4 answers | Last updated: Nov 07, 2016
A fellow caregiver asked...

I have been caring for my father alone since October 2006. My brother helped a bit and I have paid house payments, electric bills and personal care items for my father. I have lived in the house with my father and away from my husband since October 2006. It has almost cost me my marriage once. We have had my father's place on the market for sometime now. With the economy the way that it is we have had no luck at selling at this point. We are always told by the realtor that the clients love his place but, no one seems to be able to come up with the money. Due to our own finances we can't continue to pay his house payments, etc. I am also out of work on leave due to physical exhaustion. I am so tired that I am concerned for my own health. I am only 43 years old and have only been married for five years. My husband and I are at a lose and have looked into putting my father in a nursing home.
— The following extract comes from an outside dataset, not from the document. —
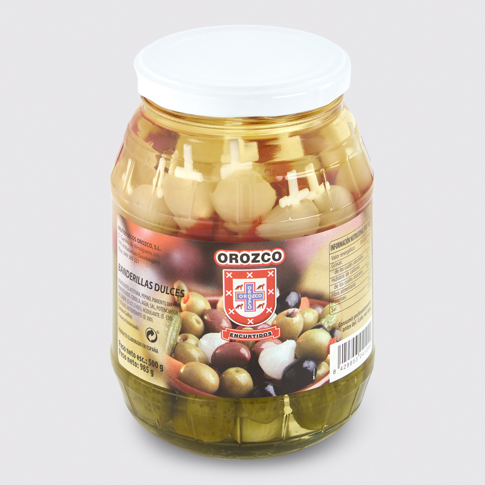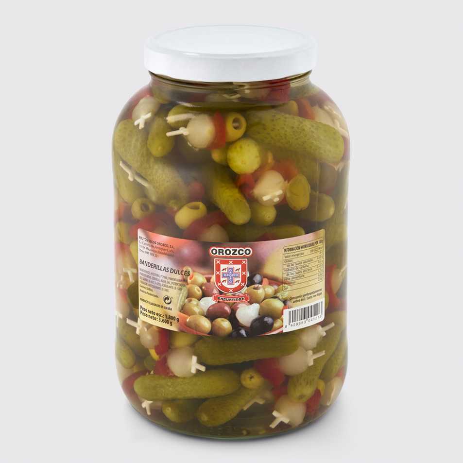 Una opción vistosa y deliciosa que alegra cualquier mesa. Nuestras banderillas dulces combinan pepinillos crujientes, aceitunas y suaves cebolletas, acompañadas de pimiento que aporta un toque delicado y equilibrado. Una mezcla irresistible que entra primero por los ojos y conquista después por su sabor.

He does receive Virginia Retirement, Military Retirement and SSI, which mainly covers the sitters so that I can work and a few utility bills. If we apply for Medicaid to cover his nursing home costs, will we be responsible for his debts? And is there anyway we can recoup the money that we have spent taking care of him and trying to keep him in his own home?


Expert Answers

Let's take your questions one at a time. There is probably good news for you about both.

First, if you apply for Medicaid for your father and he becomes eligible for Medicaid coverage for a nursing home, this does not place any obligation on you to pay his debts. His debts are his own, regardless of whether you take care of him at home or place him in a nursing home and help him apply for Medicaid. Be aware, though, that his creditors can try to collect their debts out of the value of the house, either by placing a lien on it or making a claim against your father's estate when he passes away.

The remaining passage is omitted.